2.4 The Number of the Factorizations
Our experiments below need control on the number of factorizations. Theorem 4.4 in [22] says that up to reordering of the columns, there are at most two factorizations for matrices in the Horn locus and one unique factorization for matrices in the Hildebrand locus. Up to numerical errors, the experiments below capture this phenomenon.
2.5 Rational Points on \(\partial \mathcal{C}\mathcal{P}_5\)
We now observe that the matrices in \(\partial \mathcal{C}\mathcal{P}_5\) with rational entries are dense in that part of the boundary. This is a consequence of the theorems in the previous two sections and in particular this allows for the exact computation of rational matrices in \(\partial \mathcal{C}\mathcal{P}_5\cap \mathcal {DNN}_5^\circ \). With this in mind, let \(Sym_5(\mathbb {Q})\) be the set of symmetric matrices with rational entries. We summarize the result as follows:
Theorem 2.12
The set of rational matrices in \(\partial \mathcal{C}\mathcal{P}_5\) is dense (with the Euclidean topology), that is, \(\partial \mathcal{C}\mathcal{P}_5\subseteq \overline{\partial \mathcal{C}\mathcal{P}_5\cap Sym_5(\mathbb {Q})}\).
Proof
Every point in \(\partial \mathcal{C}\mathcal{P}_5\) vanishes in at least one of the irreducible polynomials generating a component of the Zariski closure of \(\partial \mathcal{C}\mathcal{P}_5\). The points that vanish in at least two such polynomials lie in a proper subvariety of \(\partial \mathcal{C}\mathcal{P}_5\) that has measure zero. The complement is therefore a Euclidean dense open subset U of \(\partial \mathcal{C}\mathcal{P}_5\). For each such polynomial p the points of \(\partial \mathcal{C}\mathcal{P}_5\) that vanish in p and no other polynomial form a Euclidean open subset \(U_p\) of \(\partial \mathcal{C}\mathcal{P}_5\).
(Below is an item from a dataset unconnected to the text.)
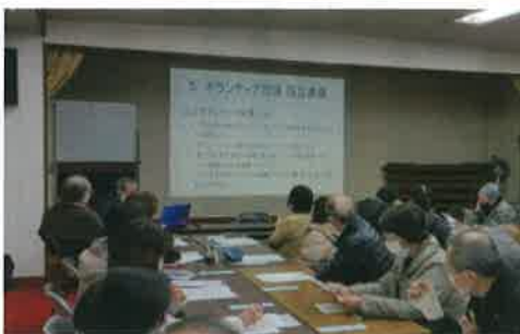
真剣に聞き入る受講者

福祉のまちづくりプラン推進部会では1月20日、広島市で注目されている、「(協同労働)タウン・サポート平和台」の活動について、安西学区の町内会・自治会長や民生委員を対象に研修会を開催しました。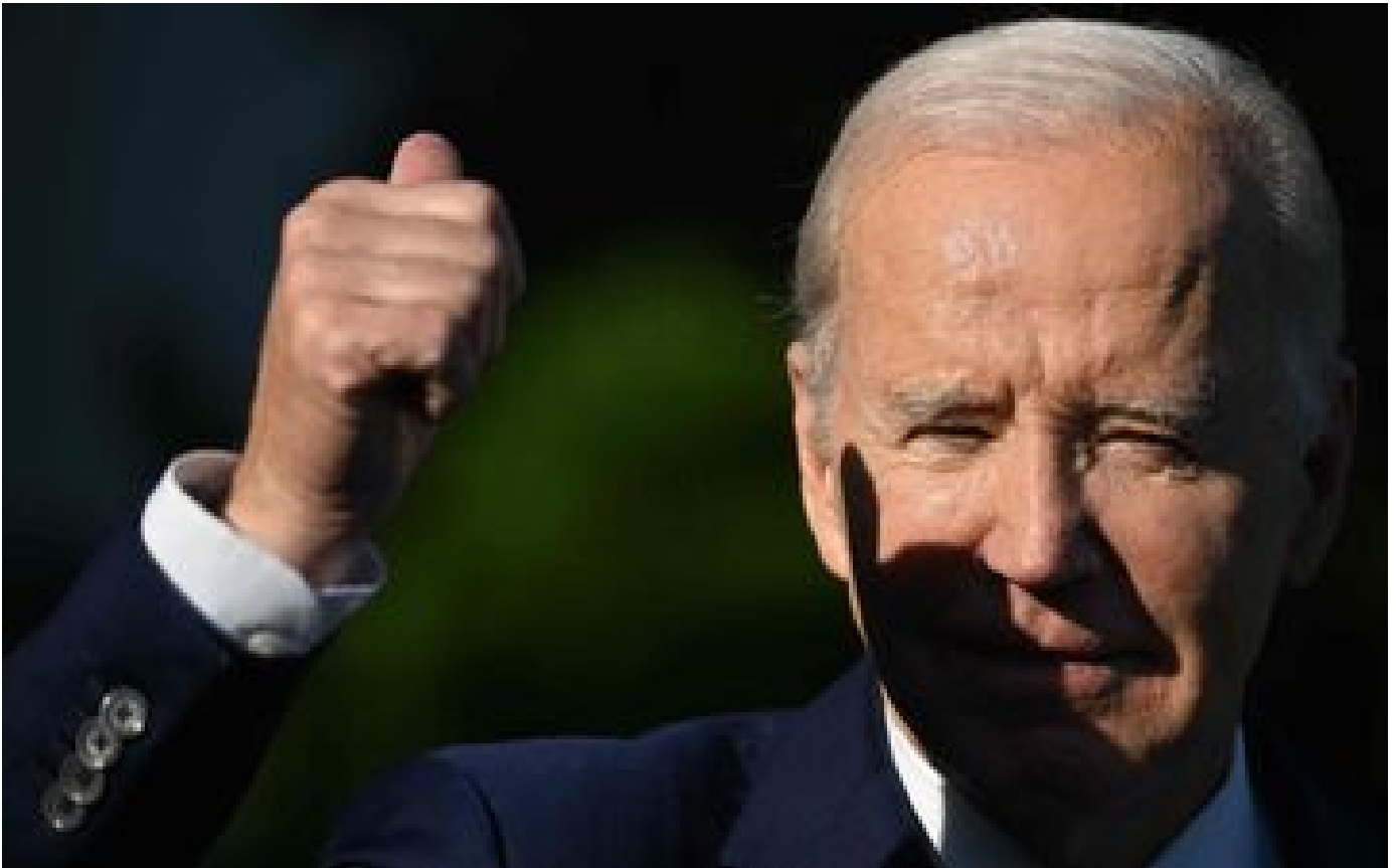
Dettes américaines : un accord bientôt possible ? Biden se dit « assez optimiste »

U is the union of each of the \(U_p\). Thus it suffices to show density of the rational points in each \(U_p\). The result is clear in the parts of the boundary that have low rank or the positive semidefinite cone, so it suffices to prove density in the Hildebrandt and Horn parts of the boundary.
Let A be a matrix in \(\partial \mathcal{C}\mathcal{P}_5\cap \mathcal {DNN}_5^\circ \) that is (only) in the Horn locus. Since A is in the interior of \(\mathcal {DNN}_5\) all the entries are strictly positive. We can approximate it by a sequence of rational matrices \(A_n\) that is defined as follows: Every entry of \(A_n\) except for the first one is a rational number of distance less than 1/n to the corresponding entry in A and the first entry is forced by the determinantal Equation 2.7. This sequence converges to A.
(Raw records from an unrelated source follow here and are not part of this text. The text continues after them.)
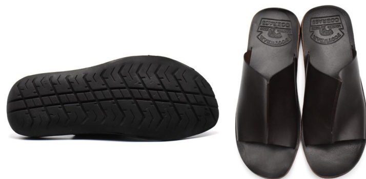
CENTER SEAM SANDAL 69000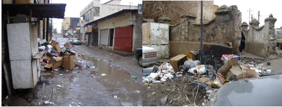
شەقامى پزىشكەكانى شار

كەركوكىيەكان بۆيە لە ئەنفلۆنزى بالىدە ناترسن ، چونكە كەرتى پزىشكى بەھىزو كارايان ھەيە ، نەك فايرۆسى پاسارى بگرە فايرۆسى ئەژدېھاش خۆى لەبەردەمىيان ناگرىت .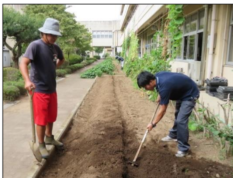
4Hクラブの方々による農業指導

今年度は、感染症対策として保護者の方々を含め、外部の方々の学校への出入りを制限せざるを得ない状況ですが、地域の教育力を生かし学習効果を上げるために、徐々に外部講師による授業を取り入れるようにしています。

The set of matrices that are only in the Hildebrand locus is a Euclidean open subset of the variety \(V_{Hi}\). Thus, it suffices to show that we can approximate any \(A \in \partial \mathcal{C}\mathcal{P}_5\cap \mathcal {DNN}_5^\circ \) that is only in the Hildebrand locus by rational matrices in \(V_{Hi}\). We assume that \(A=BB^\textsf {T}\) is the cp-factorization of A, and we approximate B by a sequence of rational matrices \(B_n\) where again all entries except the first one are rational numbers of distance less than 1/n to the corresponding entry in B and the first entry is uniquely determined by the equation defining \(Z_{Hi}\) as in Theorem 2.10. Then this sequence converges to B and \(B_nB_n^\textsf {T}\) is a sequence of rational matrices converging to A. \(\square \)
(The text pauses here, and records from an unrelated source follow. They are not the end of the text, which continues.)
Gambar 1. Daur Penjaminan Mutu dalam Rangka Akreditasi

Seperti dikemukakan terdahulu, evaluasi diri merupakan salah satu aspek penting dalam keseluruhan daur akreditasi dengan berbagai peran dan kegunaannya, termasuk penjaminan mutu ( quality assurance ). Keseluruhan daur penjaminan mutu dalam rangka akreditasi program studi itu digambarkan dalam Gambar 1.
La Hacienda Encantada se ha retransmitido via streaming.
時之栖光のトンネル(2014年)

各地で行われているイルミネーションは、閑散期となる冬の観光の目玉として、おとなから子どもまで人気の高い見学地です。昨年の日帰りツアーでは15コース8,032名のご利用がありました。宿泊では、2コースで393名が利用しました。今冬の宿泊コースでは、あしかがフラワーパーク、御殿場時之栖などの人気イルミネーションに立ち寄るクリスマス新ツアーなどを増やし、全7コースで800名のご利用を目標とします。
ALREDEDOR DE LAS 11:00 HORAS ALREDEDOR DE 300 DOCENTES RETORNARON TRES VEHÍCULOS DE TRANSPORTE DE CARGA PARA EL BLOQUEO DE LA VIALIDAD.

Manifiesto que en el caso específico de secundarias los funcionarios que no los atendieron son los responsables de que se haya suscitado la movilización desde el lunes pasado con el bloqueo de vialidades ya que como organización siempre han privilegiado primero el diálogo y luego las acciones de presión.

2.6 The Action of the Permutation Matrices
Notice that in parts (3) and (4) of Theorem 2.1, there are some permutation matrices P that we have ignored so far. To understand all the components of the boundary of \(\mathcal{C}\mathcal{P}_5\) contained in \(\mathcal {DNN}_5^\circ \), we have to consider the effect of these matrices, which permute rows and endow algebraic components of the boundary with an action of the symmetric group \(\mathfrak {S}_5\). The group acts on the algebraic components of the boundary by conjugation, and on the space of factorizations by multiplication on the left. This makes the parametrizations into equivariant maps. Thus what we need to count is the number of hypersurfaces obtained by acting on \(Z_{Horn}\) and \(Z_{Hi}\) with \(\mathfrak {S}_5\) by multiplying with permutation matrices on the left. The orbit-stabilizer theorem says we need to find how many such matrices fix either variety.
To make this more precise recall that if \(A\in \mathcal{C}\mathcal{P}_5\cap \mathcal {DNN}_5^\circ \) and \(A=BB^{{\textsf {T}}}\), then any matrix \(Q \in \mathcal {O}(5)\) yields a factorization \(A=(BQ)(BQ)^{{\textsf {T}}}\). In general, the matrices of \(\mathcal {O}(5)\) have negative entries, so preserving positivity is nontrivial and known to fail in \(\partial \mathcal{C}\mathcal{P}_5\cap \mathcal {DNN}_5^\circ \) unless Q is a permutation matrix. In this case Q permutes columns of B and preserves positivity.
Let two generic points in \(\partial \mathcal{C}\mathcal{P}_5\cap \mathcal {DNN}_5^\circ \) be either in the Zariski closures of the Horn or the Hildebrand locus. Then they are in the same algebraic component if the factorizations share the same zero pattern up to this column permutation. This is because each matrix has at most two nonnegative factorizations and they are known to satisfy this property [22].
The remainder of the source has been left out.